Beni ecclesiastici, troppi privilegi da parte dello Stato

«Opera pia, Opera piglia», recitava un sarcastico detto popolare riferendosi al fatto che le Opere Pie poco avessero di pio e molto di redditizio. Un altro detto non era meno corrosivo: «Opera pia, Opera mia». Ne parlai in un libro del 1977 dal titolo… profetico: «L’Italia mangiata» (Einaudi). La discussione ogni tanto si riaccende su enti ecclesiastici e fiscalità statale (o locale), ma con scarso successo per chi vorrebbe privilegiare, giustamente, «gli enti ecclesiastici aventi fine di religione o di culto» e tassare alla stregua dei privati “laici” quanti svolgono attività redditizie. A cominciare dalle migliaia di cliniche e ospedali (ben 4.712) che rastrellano profitti, in concorrenza con le strutture pubbliche e private. Il citato art. 7 del Concordato del 1984 è abbastanza chiaro in materia (pur con qualche ambiguità), distingue cioè fra gli enti religiosi e quelli che tali non sono e che quindi «sono soggetti alle leggi dello Stato» (fisco incluso). Poco applicato, temo.

Secondo Mauro Favale di “Repubblica”, l’esenzione dell’Ici fa guadagnare alla Chiesa 400milioni, quella dell’Ires fra i 500 e i 900milioni, mentre 1 miliardo arriva dall’8 per mille delle dichiarazioni Irpef. Persino il previsto assoggettamento alla futura imposta locale Imu è stato rattamente tolto dal decreto Tremonti. Non sia mai. La Santa Sede, in modo diretto e indiretto, è proprietaria di un patrimonio immobiliare strepitoso (qualcuno lo dice pari al 20% del totale nazionale) accumulato e stratificato nei secoli, soprattutto a Roma, ma non solo. Si tratta di decine di migliaia di edifici che non hanno fini di culto e di uno stock di aree fabbricabili di grandissimo peso e valore. Quando si tracciò, per le Olimpiadi 1960, la Via Olimpica essa passò, guardo caso, valorizzandoli enormemente, quasi esclusivamente su terreni di proprietà ecclesiastica (come documentarono Giovanni Berlinguer e Piero Della Seta in un libro-inchiesta del tempo). Poi c’è tutta l’area vasta del sommerso e la zona “grigia” delle istituzioni assistenziali rimaste, più o meno, nell’orbita della Chiesa.

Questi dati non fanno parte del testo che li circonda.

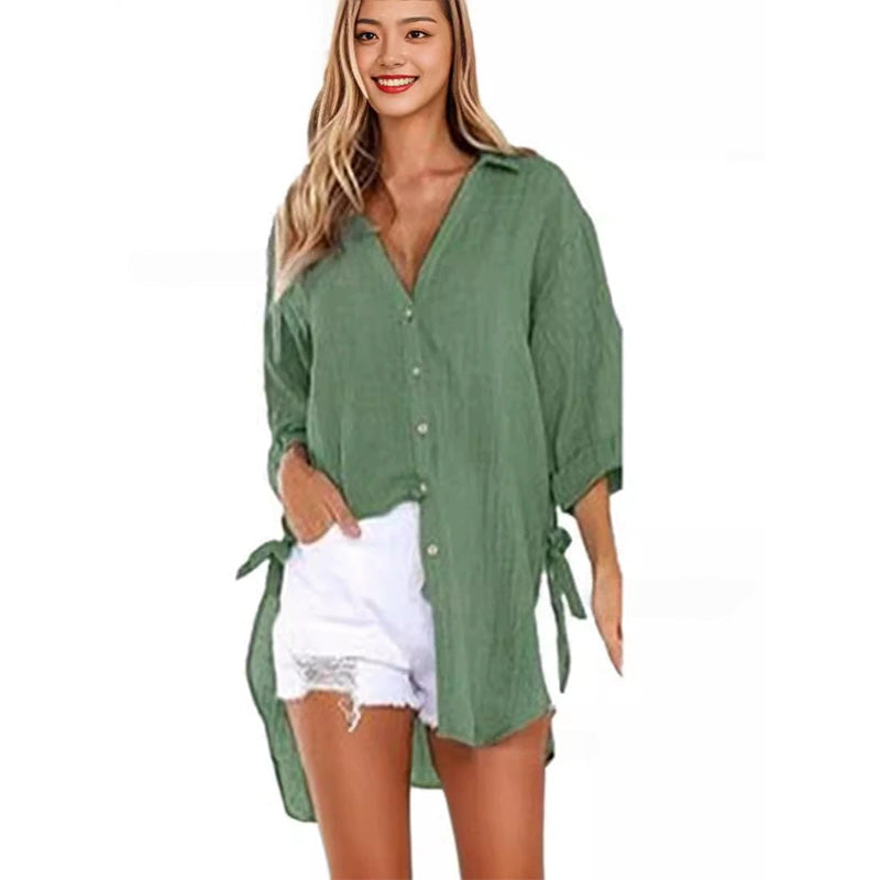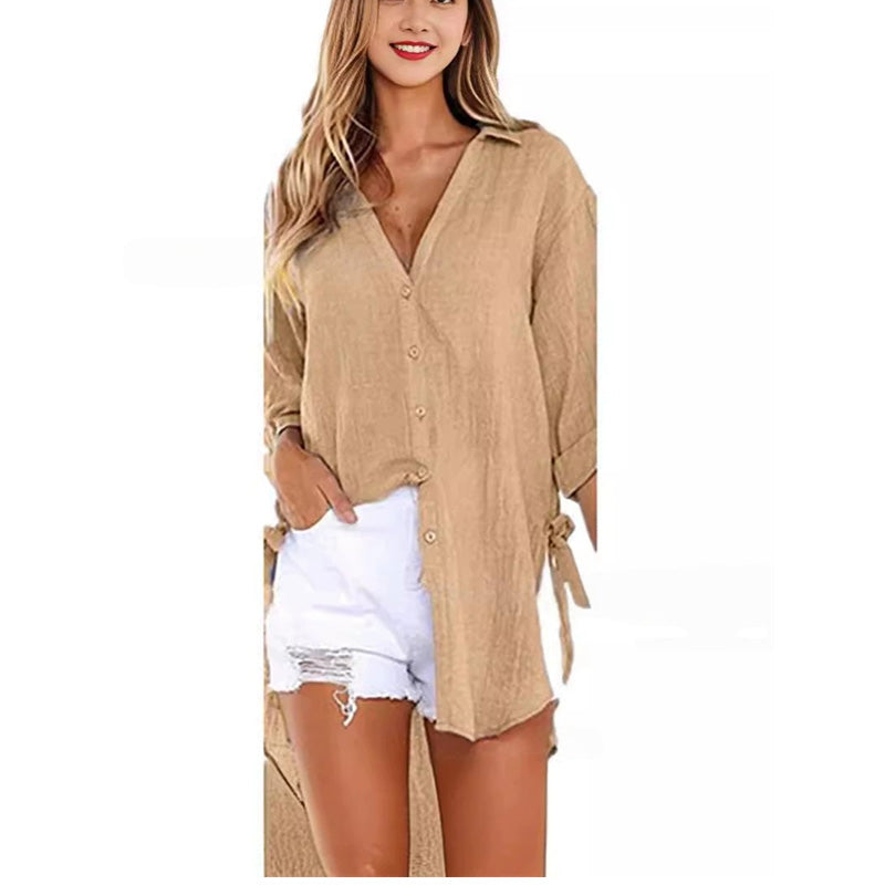 IRREGULAR HEMLINE - Designed with an asymmetrical hem, this shirt adds a contemporary twist to the classic button-up. The uneven hemline creates a dynamic look that is both chic and modern, making it perfect for pairing with jeans, skirts, or leggings.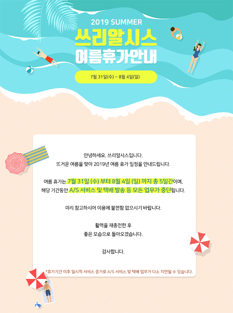 쓰리알, 2019년 하계 휴가 안내입니다. - 주간 / 국내 뉴스 - 기글하드웨어

Per esempio, le ex Opere Pie o Istituzioni Pubbliche di Assistenza e Beneficenza (Ipab) che, pubblicizzate da Crispi nel 1890, sono state rimesse in una sorta di limbo evaporando loro e i loro ingenti patrimonii (quelle bolognesi possedevano tutti i terreni lungo la Via Emilia): esse erano quasi 22.000 ai tempi di Crispi; se ne contarono 12.196 nel 1932 (in vista del Concordato del 1929 le fughe dai registri prefettizi si erano molto intensificate); negli anni ’80 si parlava di 6-7.000 Ipab in tutto. Interi quartieri o palazzi, terreni fabbricabili, cinema, supermarket, garage, ecc. Attività che con l’assistenza non c’entrano per nulla. Né, tantomeno, con la religione. Giorni fa il quotidiano dei vescovi, “Avvenire”, ha molto protestato contro i Radicali i quali avevano osato affermare che «basterebbe piazzare in un albergo una “cappellina” per poter dichiarare l’intero complesso adibito al culto». Per le ex Opere Pie bastò per dichiararne il «prevalente carattere educativo- religioso» e quindi evitarne il trasferimento a Comuni e Regioni continuando a lucrare copiose rette di ricovero o salate rette scolastiche. A Roma poi le case generalizie che ospitano ogni anno centinaia di migliaia di turisti risultano circa 200. Quante e quali imposte pagano? Anch’esse sono dedite alla beneficenza o alle opere di culto? Insomma, datemi del laicista, ma nell’evasione deprecata dal cardinal Bagnasco la Santa Sede ha una sua parte. Evidente.